RoboFactory: Exploring Embodied Agent Collaboration with Compositional Constraints
- URL: http://arxiv.org/abs/2503.16408v1
- Date: Thu, 20 Mar 2025 17:58:38 GMT
- Title: RoboFactory: Exploring Embodied Agent Collaboration with Compositional Constraints
- Authors: Yiran Qin, Li Kang, Xiufeng Song, Zhenfei Yin, Xiaohong Liu, Xihui Liu, Ruimao Zhang, Lei Bai,
- Abstract summary: We propose the concept of compositional constraints for embodied multi-agent systems.<n>We design interfaces tailored to different types of constraints, enabling seamless interaction with the physical world.<n>We introduce the first benchmark for embodied multi-agent manipulation, RoboFactory.

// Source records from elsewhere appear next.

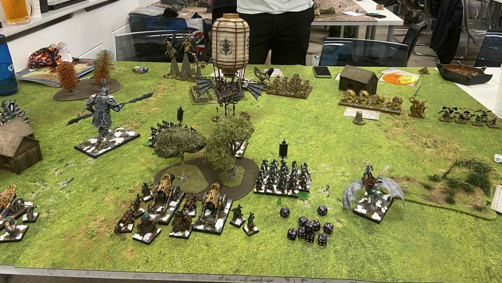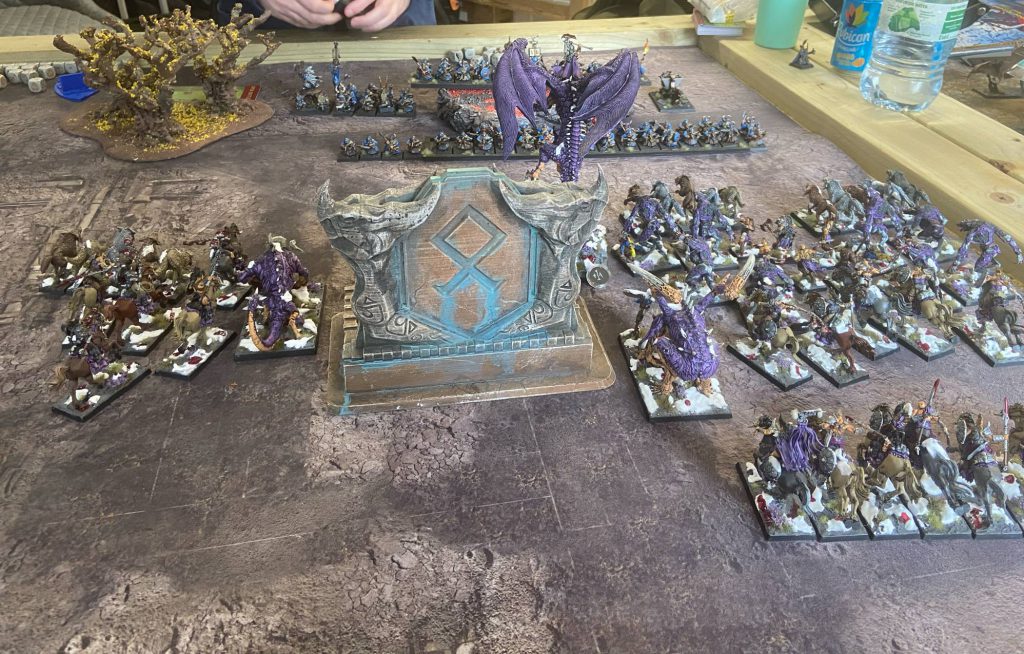 In the next example, I want to show where not taking into account all the terrain can come back to bite you. In the photo below you can see a Wolves of the Sea army advancing into a Goblin Block (pre-v1.5.1) and the Goblins have caused themselves some issues. Firstly, the Wolves of the Sea being a very numerous multiple small unit (MSU) army doesn't help the Goblins in this situation as the Greenskin player plans on using Travel Mystical Pathways to maneuver their normally unwieldly goblin unit around the table and the Wolves have gone first and pushed right into the Goblins side of the table. The Chaos Dragon has had Arcane Urgency cast on it and has moved as quickly as possible into a place where it can hide from the Doom Diver and still threaten the side of the big block. This means the goblins have to move towards the forest (Bretonnian Tents) or have it's flank on the edge of the table so any slight angle on a Give Ground of Fall Back in Good Order will force it off the board.
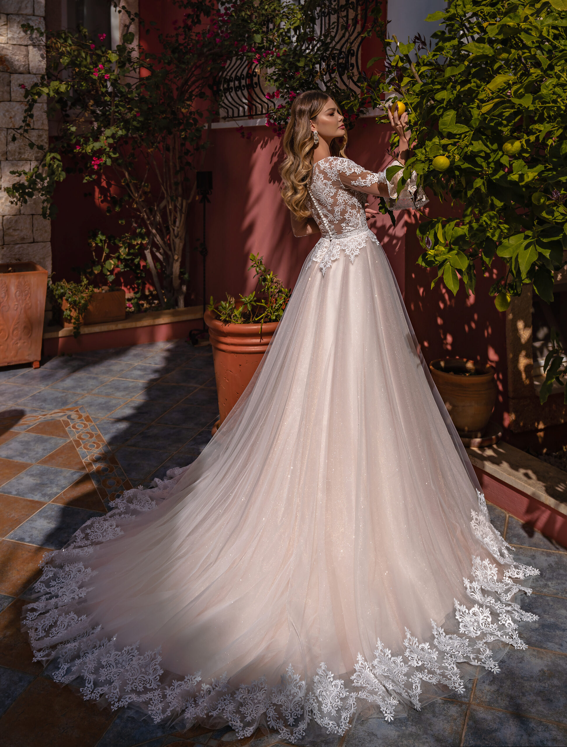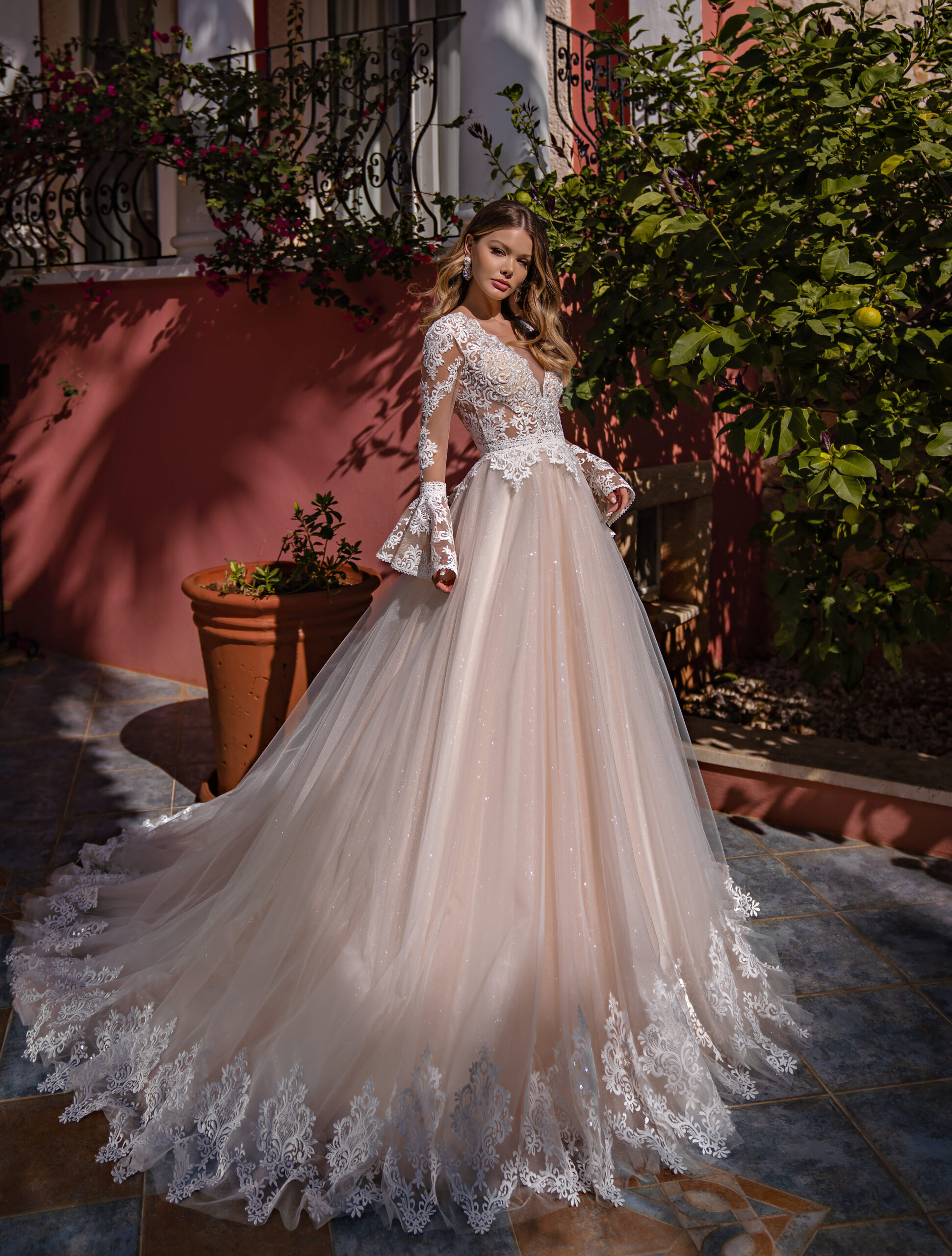 A sophisticated wedding dress with long flared sleeves and a soft fluffy skirt with a train. The model is made on nude lining, which seems to set off the guipure. The bodice in front is decorated with imitation of a deep neckline. Original flared sleeves add delicacy to the look. A fluffy skirt with a spectacular light shiny fabric on the bottom is decorated with a luxurious guipure coupon. The model is decorated with lace and guipure elements with sequin.
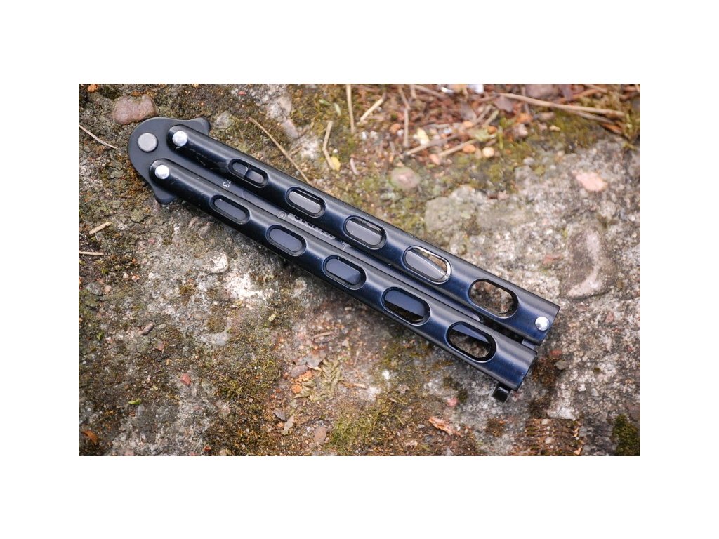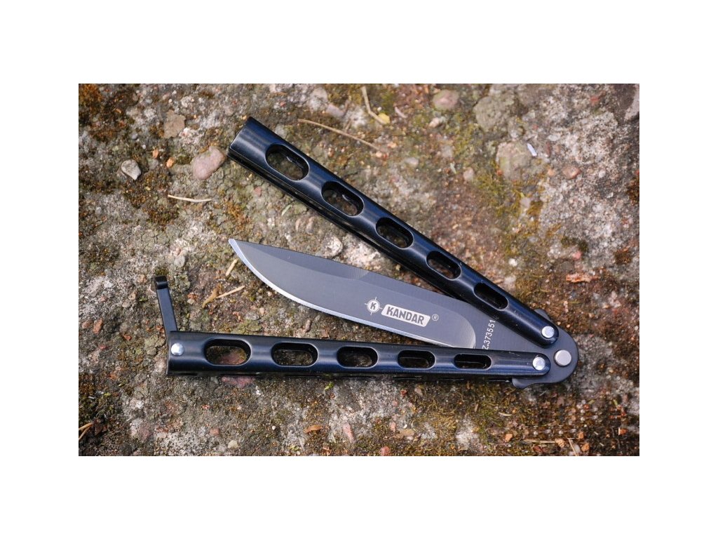 Nůž motýlek nýtovaný černý děrovaný Kandar N-133 Balisong

- Score: 27.467048581838405
- License: http://arxiv.org/licenses/nonexclusive-distrib/1.0/
- Abstract: Designing effective embodied multi-agent systems is critical for solving complex real-world tasks across domains. Due to the complexity of multi-agent embodied systems, existing methods fail to automatically generate safe and efficient training data for such systems. To this end, we propose the concept of compositional constraints for embodied multi-agent systems, addressing the challenges arising from collaboration among embodied agents. We design various interfaces tailored to different types of constraints, enabling seamless interaction with the physical world. Leveraging compositional constraints and specifically designed interfaces, we develop an automated data collection framework for embodied multi-agent systems and introduce the first benchmark for embodied multi-agent manipulation, RoboFactory. Based on RoboFactory benchmark, we adapt and evaluate the method of imitation learning and analyzed its performance in different difficulty agent tasks. Furthermore, we explore the architectures and training strategies for multi-agent imitation learning, aiming to build safe and efficient embodied multi-agent systems.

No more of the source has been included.